The Consolation of Amnesia and Nonexistence

The worst part about getting old is dying. Freud said the reality of death makes life inherently tragic and that life requires, basically, that we not think about it as long as possible. Fine, but the day arrives when you open your eyes and, even if you’ve enjoyed a life without the constant haunting of depression, you have the experience of nonexistence.

That happened to me on April 12. It is virtually impossible to describe, since nonexistence means you have no self-awareness. On that afternoon I found myself talking to a doctor. I had no idea who he was or where I was. It turned out I was in the emergency room of Emory Midtown Hospital. The doctor told me I’d been in a traffic accident after apparently having a seizure. This occurred, he said, near the state Capitol. He said the driver of the other car was also brought to the hospital, but immediately released because she had no injuries at all.

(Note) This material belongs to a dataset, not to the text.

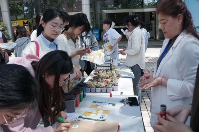 并拍照打卡进行宣传,让更多未来到现场的同学了解世界地球日。

I had utterly no memory of what happened, and I still don’t. It occurred about four hours before I became self-aware, so I also didn’t recall the CT scan or the countless lab tests I was given, none of which showed abnormal results. The doctor wanted me to stay overnight so a neurologist could see me the next morning. Of course, my insurer, Kaiser, insisted I be discharged and see one of their doctors instead. The discharge papers said I was suffering an hours-long episode of amnesia after a seizure.

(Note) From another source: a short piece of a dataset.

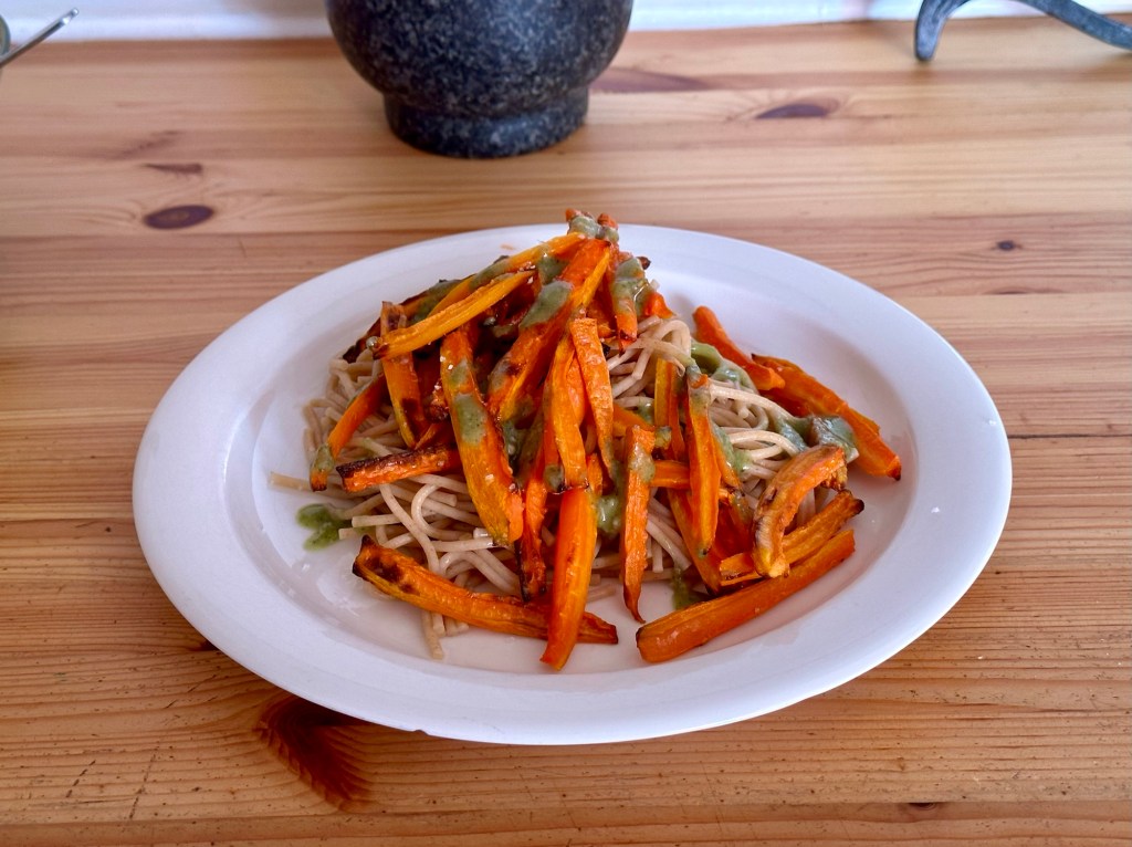 Serva pastan med morötterna och ringla över peston. Strö över lite flingsalt enligt smak.

Here’s the odd thing. Because I had no memory of the incident, I did not feel particularly upset. I have virtually no trust in the medical system. In fact, when I was 27, I had a classic near-death experience at Piedmont Hospital because the doctor I’d been assigned could not diagnose me and was apparently too vain to consult a specialist until my life began to evaporate. I remember all of that, and the classic narrative changed my life profoundly for many years.

The next day, I took an Uber to the lot where the city tows cars. I was dreading to see the damage on the car I’d wrecked. There was none. I asked the clerk where I could find an accident report. “From the police, of course,” she said. She explained there was also a website that reported accidents. I watched it for the next week and never saw anything. I called the city. They had no record of an accident — just a report that my car had been impounded. 

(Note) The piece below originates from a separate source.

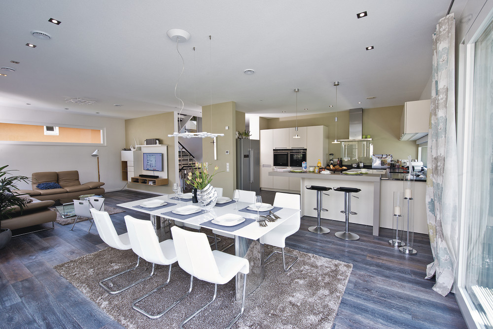 Ob Architektur, Platzangebot oder energetische Ausstattung – das WeberHaus-Ausstellungshaus generation5.0 punktet in allen Bereichen. So verfügt das Einfamilienhaus dank seiner zweifarbigen Außengestaltung nicht nur über moderne und stilvolle Optik. Es bietet auf mehr als 180 qm Wohnfläche Platz für die ganze Familie. Das Erdgeschoss (ca. 95 qm) bietet mit extra hohen Räumen (267 cm) eine großzügige Wohnatmosphäre. Über die Empore gelangt man in das ca. 85 qm große Dachgeschoss. Das Elternschlafzimmer wir durch eine Ankleide ergänzt. Es stehen außerdem drei fast gleichgroße Zimmer zur Verfügung, die flexibel genutzt werden können.

I asked if I could talk to the cop who was at the scene. Over a week later, he called and told me there was indeed no accident, that I had parked in the middle of the road, that I was “out of it,” and the EMTs called to the scene took me to the hospital.

In the weeks that followed, I had an EEG, an MRI, a spinal tap, and over 30 lab tests. An echocardiogram is on the way. I kept telling my neurologist that I knew what had occurred. I had increased the dose of a new medication the night before and I’d taken it with my usual dose of Ambien plus an earlier small dose of Xanax. I told her I read that the side effects of the new medication included exactly what I’d experienced and could be seriously exaggerated by the other drugs. It turns out I’d also prepared a dessert at 3 am the night before and carried it upstairs. I had no memory of that either. The doctor dismissed my explanation, but the tests found nothing to explain the event. My MRI, however, turned up an almost certainly unrelated abnormality. The neurologist prescribed a brain biopsy. I haven’t arranged it yet. I’m convinced, having a history of medical errors that include the destruction of both my knees, that the brain surgeons will turn my biopsy into a lobotomy.

Amid all this drama, I keep returning to the fact that the amnesia, by basically destroying self-awareness, consoles me more than it troubles me. But I’m aware, too, that in the absence of my memory, the ER doctor constructed a fiction that my neurologist has struggled to reinforce. I have access to her notes and it’s clear she didn’t fully listen to my account of the drugs in our first appointment. Think about that. So much of our life stories is constructed and edited by others when our explanations don’t fit their own stories. I already knew this to some degree. It’s why, despite a Ph.D. and a master’s degree in psychology, I became a rebel.

My mother had a stroke that left her unable to read, write, walk, or talk for 15 years before dying. She did retain much self-awareness and frequently slashed at her throat with her index finger, obviously signifying her wish to die. She occupied a place between existence and nonexistence and was denied full access to the latter. Now I understand the consolation that nonexistence ultimately can be.